Sunday, September 16, 2012

PyMongo and MongoDB

In the last post I mention that JSon is the way a lot of information over the web is serialized and exchanged. As part of a movement to move away from a pull model (SNMP) to push model (syslog, sFlow), many network vendors are picking up JSon as the way to bubble up information to the network engineers.

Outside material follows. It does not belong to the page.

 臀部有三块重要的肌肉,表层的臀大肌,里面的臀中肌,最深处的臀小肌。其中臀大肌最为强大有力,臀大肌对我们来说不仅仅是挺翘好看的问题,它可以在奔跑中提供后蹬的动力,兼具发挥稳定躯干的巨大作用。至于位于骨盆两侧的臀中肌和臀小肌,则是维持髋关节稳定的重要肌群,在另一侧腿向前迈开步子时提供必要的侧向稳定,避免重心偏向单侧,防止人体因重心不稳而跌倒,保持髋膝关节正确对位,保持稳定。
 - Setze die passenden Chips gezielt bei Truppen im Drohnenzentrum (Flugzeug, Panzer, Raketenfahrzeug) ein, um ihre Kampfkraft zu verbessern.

So now that you have a JSon object, how do you persist it? You can obviously pickle and shelve it, but that is not recommended for long term storage, plus that does not scale very well. Any SQL flavor will obviously do the job, but to be honest, coming up with a database schema is kind of a pain in the butt. Especially in the development stage. I want some simple database that allows me to persist my object the way I view it and get out of the way. Also would be nice if it is proven scalable so I dont need to change much by the time I am done.

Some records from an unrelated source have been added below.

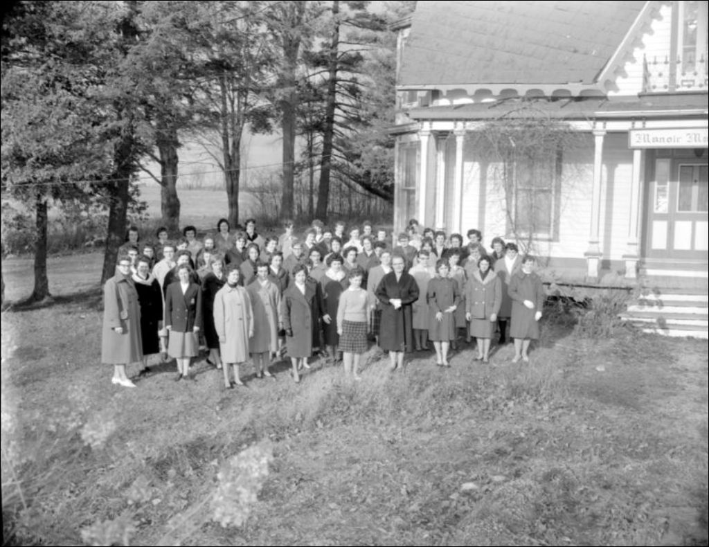 Le dossier présente également un groupe d'étudiante devant un des bâtiments de l'école
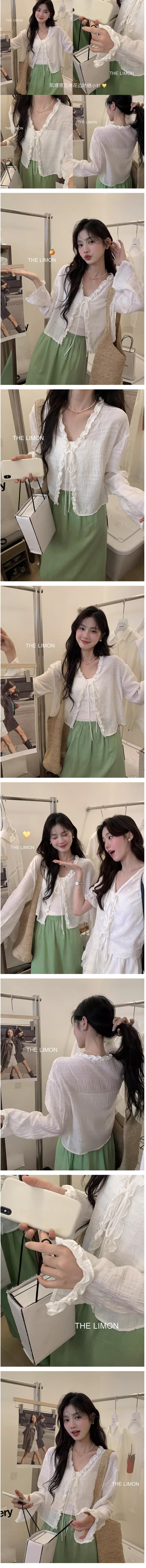 ALORA 荷葉紋理感綁帶罩衫外套,ALORA
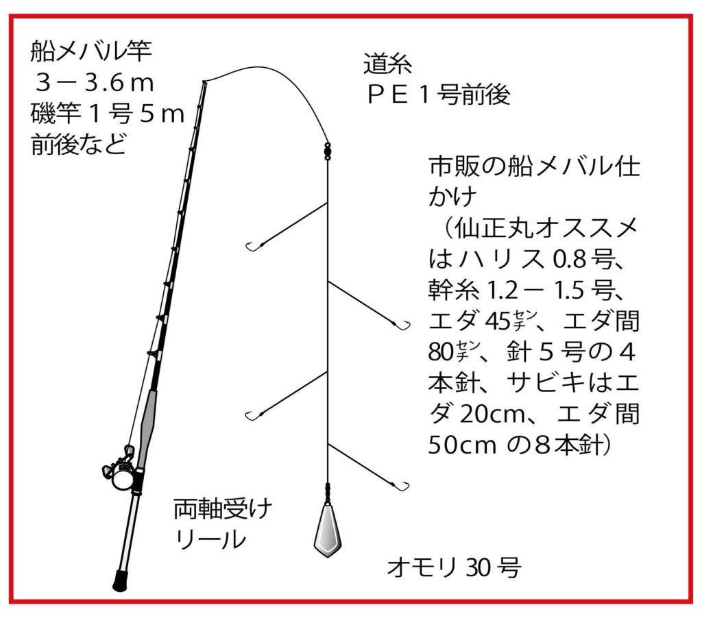 タックルは船メバル専用竿がよいが、中乗りの山田氏は、慣れている人なら、0.6号程度の磯竿がオススメとのこと。ビギナーは、仕かけのトラブルが少ない中通しタイプが扱いやすい。

In comes MongoDB. It is pretty awesome that it matches the object model as I write the script, so it doesn't require a mind shift. It is scalable as many web scale companies are using it. More importantly, it just let me store the object, and "gets out of my way", I say that in a positive sense, of course. No offense, but I have enough headache on hand trying to solve the problem at hand without needing to worry about databases. MongoDB also has the added benefit of cross-platform and batteries included, both are pretty Pythonic.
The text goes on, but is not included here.